I emailed someone from project honeypot about this same thing. They said they would setup a service where people could submit unauthorized login attempts automatically. (right now my honeypot just emails the result of logwatch --service sshd to an account)

It it useful information. I've used it to contact some providers (e.g. aws, linode, etc.) about the machines making unauthorized attempts. Usually it's from a server hosting a website that hasn't been updated in years.

Comment Re:Mighty broad definition of "language" there (Score 0) 146

Thank you for posting this. I've been programming JavaScript since 2007, and it's the only language I've ever really took the time to understand. So I can't comment from your vantage point. But what I can say is that once I had a full appreciation for JavaScript inheritance, first-class function, and the other things that make JavaScript great, it has been extremely easy to work with. Of course there are parts that will kill you if abused, but doesn't every language?

Comment Re:uh... only if you run it (Score 1) 50

I won't disagree that the majority of web developers do things like load jQuery, before they even know why they need it. Usually because they're a novice trying to create a blog for their cousin and never had any actual web development experience. But please remember that not all web developers are like that.

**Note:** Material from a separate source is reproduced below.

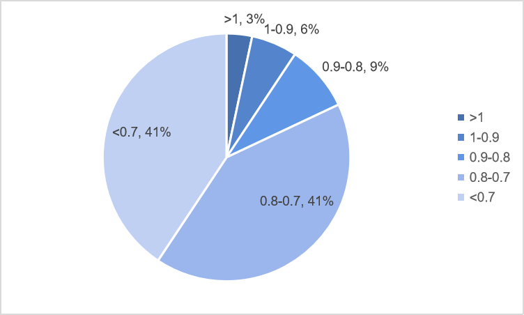 截止至2020年3月31日,北京地區4月上拍的法拍房數量為150套,房屋總價值為123412.259 萬元,150套房子的起拍市價比分布圖如下:

When used properly JavaScript can enhance the overall security and experience of the site. For example, I like to SHA1 my user's passwords before submitting them to the server. Then I'll SHA1 that with a random seed and store it in the database. Or I'll add simple encryption algorithms to encrypt sensitive data. Of course it all runs under HTTPS, but never hurts to have a little more security.

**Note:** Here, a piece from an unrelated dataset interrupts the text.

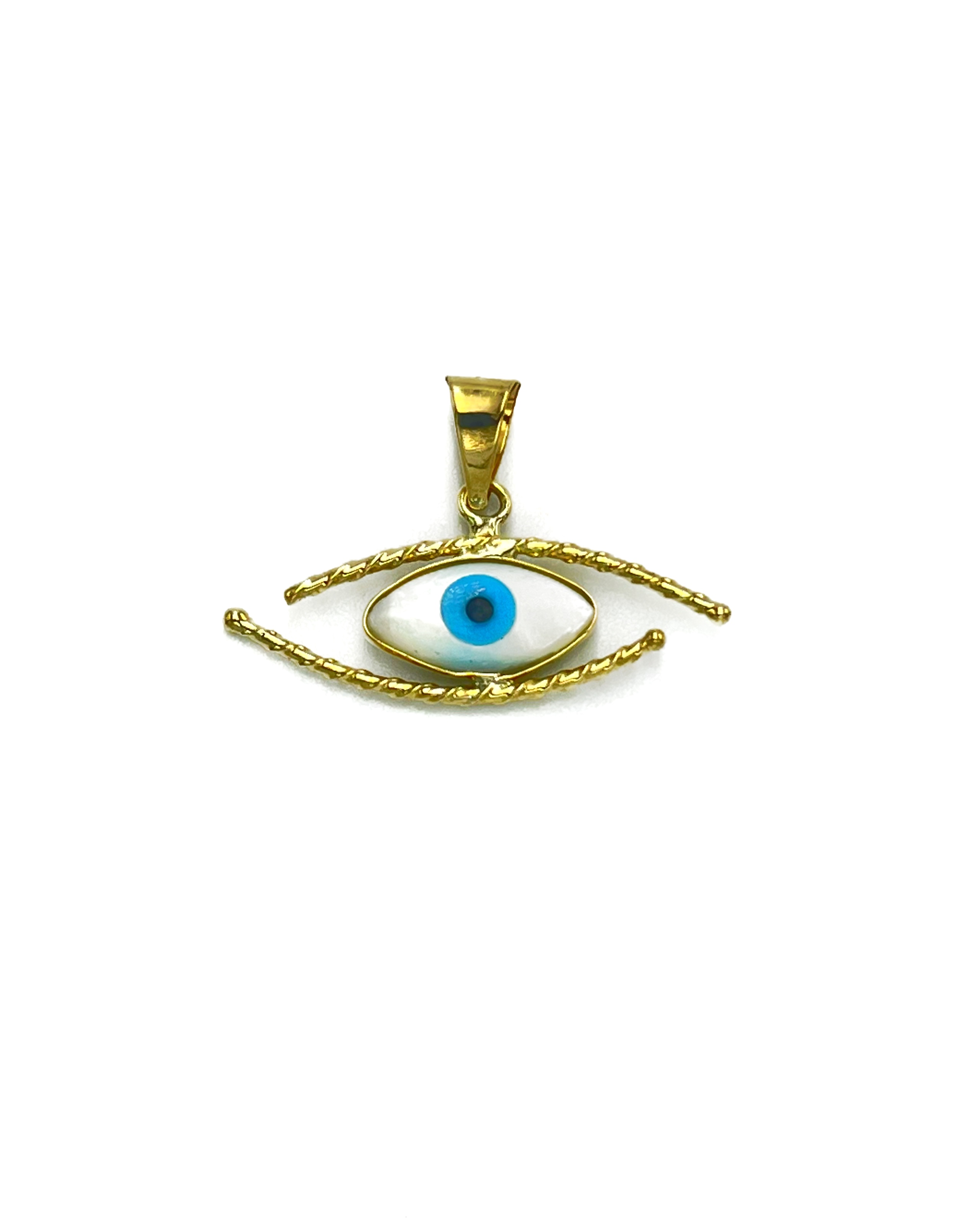 Ματάκι χειροποίητο, με σύρμα σε σχέδιο ματιού καιπετρα φιλντισι και κατασκευάζεται σε Κίτρινο και Λευκό χρυσό και Κ9, Κ14, Κ18

Unfortunately the masses of web developers who "have gone suck fucking heavy" with JavaScript drown out the few of us who know when and how to use it.

Comment Re:But ... (Score 1) 846

What you're not taking into account is the complexity of State laws. States have a wide range of gun regulations that vary greatly. Let's look at Gun Homicides specifically. In California, which is the most restrictive State, is the 4th highest at 4.82 per 100,000. While Utah, which has some of the most lenient laws, has 0.93 per 100,000. If you take the time to graph out all the data you'll find that there are States with very restrictive gun laws, which have both high and low death rates per capita. Same with lenient States. What you'll find is low statistical correlation between gun restrictions and gun deaths.

In the end the statistics plainly show that it is impossible to say either way whether gun restrictions prevent deaths.